The invented toy preferably is circularly disc-shaped and includes a hard body or upper external layer of closed-cell polymer foam material and an adhered soft body, or lower external layer of open-cell polymer having a relatively large defined fluid carrying capacity. The upper body is preferably fluid nonabsorbent and forms a relatively thin outer shell that extends laterally, through a smooth curve defining a peripheral region and then downwardly to provide a circularly air-confrontative airfoil providing substantial lift. The lower body preferably forms a relatively thick inner liner that extends substantially coextensively with the outer shell, and terminates in a circular edge or frusto-conical shaped radiating edge that inclines downwardly and inwardly from the terminal lower edge of the outer shell. The preferably forty-five degree (45°) edge of the lower body cooperates with the smoothly rounded peripheral region of the upper body to produce a controlled, even dispersal in a pinwheel pattern of water absorbed and contained within the lower body during the spinning flight of the thrown flying disc water toy. In a preferred embodiment, the disc has a substantially uniform thickness over its entire extent, with the upper body itself preferably being a laminate of an outer ethylene-vinyl-acetate (EVA) foam layer and an inner cross-linked polyethylene foam layer, and with the lower body preferably being a polyurethane foam layer.
The disc is provided with a concave upper surface and corresponding convex lower surface which act in cooperation with the smoothly curved peripheral region to provide an easily grippable surface. This surface better conforms to the shape of the hand in order to make the disc easier to throw and catch. Additionally, the use of soft foam materials for the toy decreases the danger of injury to persons or damage to property.
An appreciable advantage of the invention is the ability of the toy to maintain extended and stable flight while fully saturated with fluid. It has been found that a flying disc made solely of spongy absorbent material exhibits unstable flight characteristics due in part to deformations in the soft airfoil surface. Such all wet water toys are ideas which just do not fly. The addition of a substantially rigid support layer has been found to increase the rigidity of the airfoil and thereby improve the toy's stability while in flight.

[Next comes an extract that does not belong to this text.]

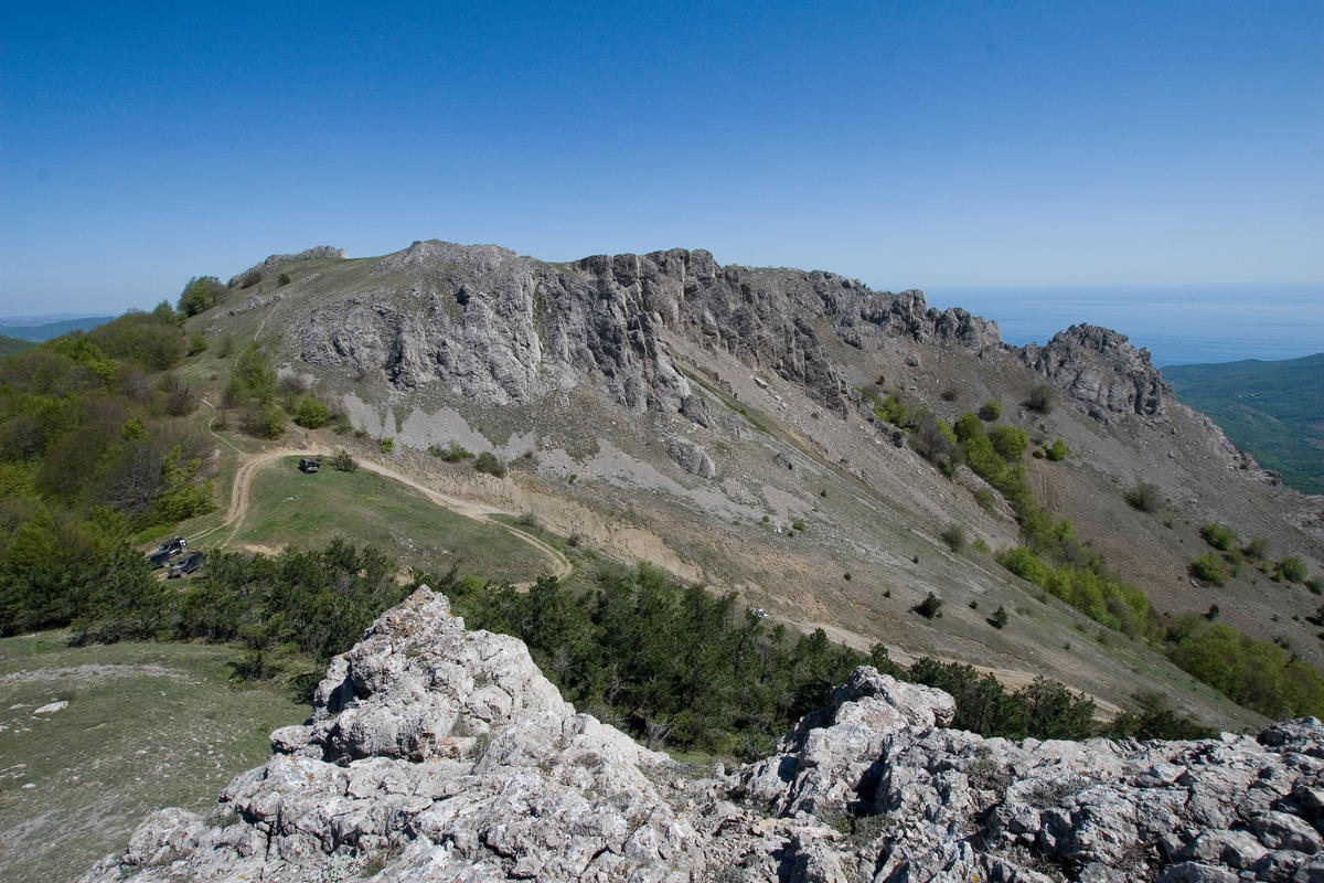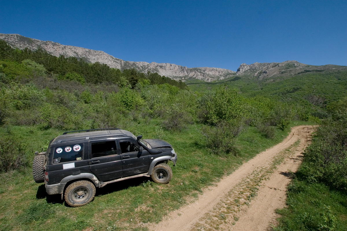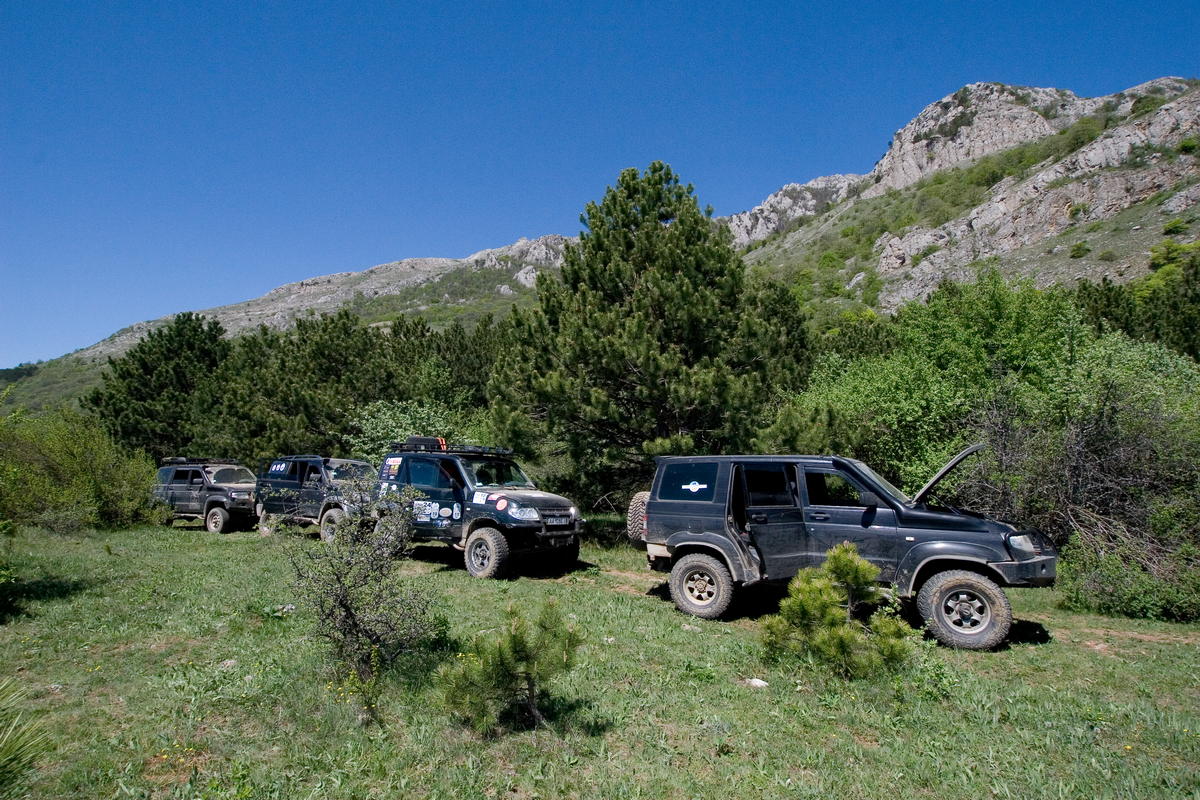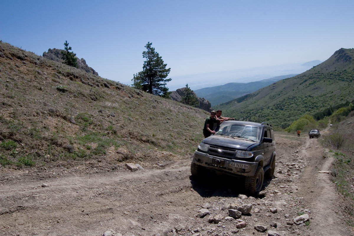 Сидели мы там сидели и досиделись до звонка достопочтимого Петра. Пересеклись мы с нашей второй группой Петя, Симбиряка, Экспедиция и забавный китаец и поехали дружно и весело во главе с Кубиком и бегущим перед его машиной Петром по Караби-Яйле.

Though preferably placed over the top of the absorbent material, the rigid support layer may also be bonded underneath or even interior of the absorbent material.

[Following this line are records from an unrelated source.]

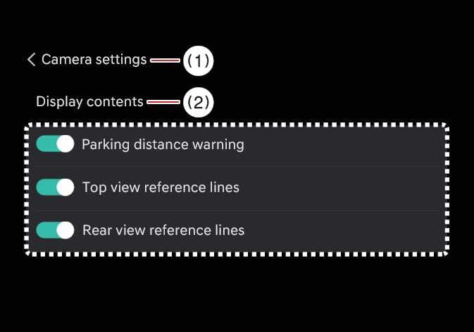 Anzeigeinhalt: Legen Sie die Informationen fest, die auf dem Bildschirm des Parkassistenten angezeigt werden sollen.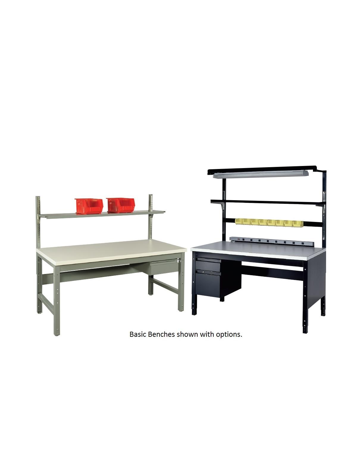 Designed and engineered for delicate electronic work, and built for long wearing use. Heavy duty all welded 14 ga. legs --­ adjustable from 31" to 35"H. --­ complete with leveling glides. 14 ga. apron front and rear eliminates top deflection. Top quality construction throughout. Assembles easily and quickly. Options available. FOB Shipping Point.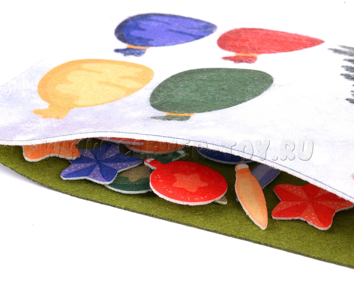 У каждой фигурки сзади есть липучка, при помощи которой можно размещать их на игровом поле. Ребенок может поместить игрушку на елку или распределить в мешочек по цвету.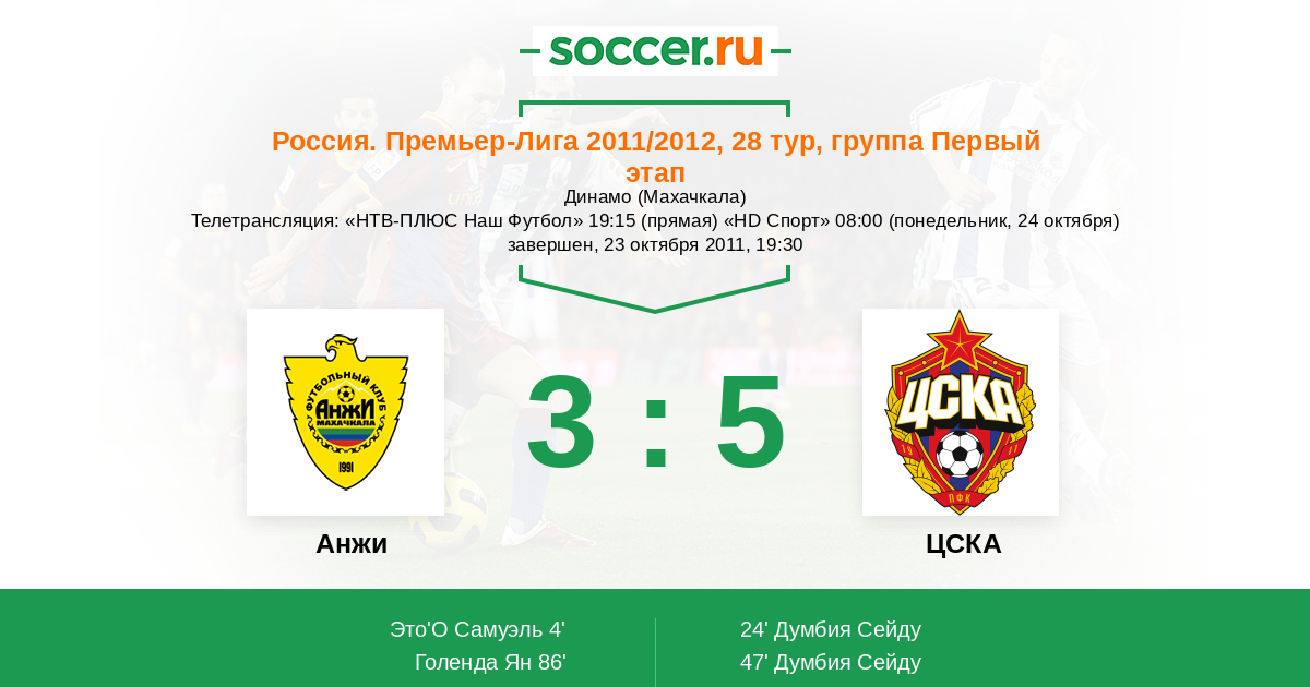 Протокол матча Анжи против ЦСКА

A further advantage of the present invention is the even dispersal of water throughout the flight of the disc due to water flow control mechanisms engineered into the toy. The rate of fluid dispersal from the toy is regulated by three main factors: the absorption characteristics of the absorbing layer, the curvature of the impermeable laminate layer, and the rate of rotation of the disc. If the rate of water dispersal were unregulated, the water would simply splash out uncontrolled during the first rotation or flick of the wrist.

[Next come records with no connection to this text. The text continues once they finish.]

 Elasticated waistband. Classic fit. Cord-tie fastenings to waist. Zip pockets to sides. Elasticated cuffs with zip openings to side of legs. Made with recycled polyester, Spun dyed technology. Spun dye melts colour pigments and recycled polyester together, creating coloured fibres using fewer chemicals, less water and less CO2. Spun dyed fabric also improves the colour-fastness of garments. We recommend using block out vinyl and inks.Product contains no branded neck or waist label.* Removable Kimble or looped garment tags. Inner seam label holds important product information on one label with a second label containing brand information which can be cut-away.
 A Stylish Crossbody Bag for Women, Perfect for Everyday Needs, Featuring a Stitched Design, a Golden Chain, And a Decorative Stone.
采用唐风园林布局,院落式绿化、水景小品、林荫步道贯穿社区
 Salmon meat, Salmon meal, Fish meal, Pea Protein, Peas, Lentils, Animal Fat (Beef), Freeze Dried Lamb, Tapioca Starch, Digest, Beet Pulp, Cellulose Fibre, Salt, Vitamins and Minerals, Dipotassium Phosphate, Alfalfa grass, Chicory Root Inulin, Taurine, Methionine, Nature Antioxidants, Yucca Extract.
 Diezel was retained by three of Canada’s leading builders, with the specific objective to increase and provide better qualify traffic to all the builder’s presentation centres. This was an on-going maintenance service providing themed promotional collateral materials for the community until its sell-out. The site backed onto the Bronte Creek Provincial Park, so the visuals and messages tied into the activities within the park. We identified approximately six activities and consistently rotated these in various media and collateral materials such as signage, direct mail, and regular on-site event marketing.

In the preferred embodiment, the capillary action of the open-cell polymer acts to absorb the fluid. The use of a denser open-cell foam exhibiting greater capillary fores will serve to increase water retention within the toy resulting in reduced fluid dispersion during each throw but increasing the number of times the toy may be thrown before reabsorption. The curvature of the downwardly depending impermeable periphery of the laminate acts as a centripetal force, governing the action that the centrifugal forces have on the absorbed fluid within a spinning disc. It is thought that a shallower curvature will make it easier for fluid collected within the peripheral edges of the absorbent layer to be released and radiated outwardly. Finally, the rate of spin imparted to the disc will effect the centrifugal forces acting upon the absorbed fluid such that a thrower who is able to toss the toy with a greater rate of rotation will be able to increase the amount of water being dispersed from the toy. Thus, the dispersion characteristics of the flying water toy may be varied both by manufacturers in their choice of fluid absorbing materials and laminate shape and by the skill of the thrower in providing rotation to the disc.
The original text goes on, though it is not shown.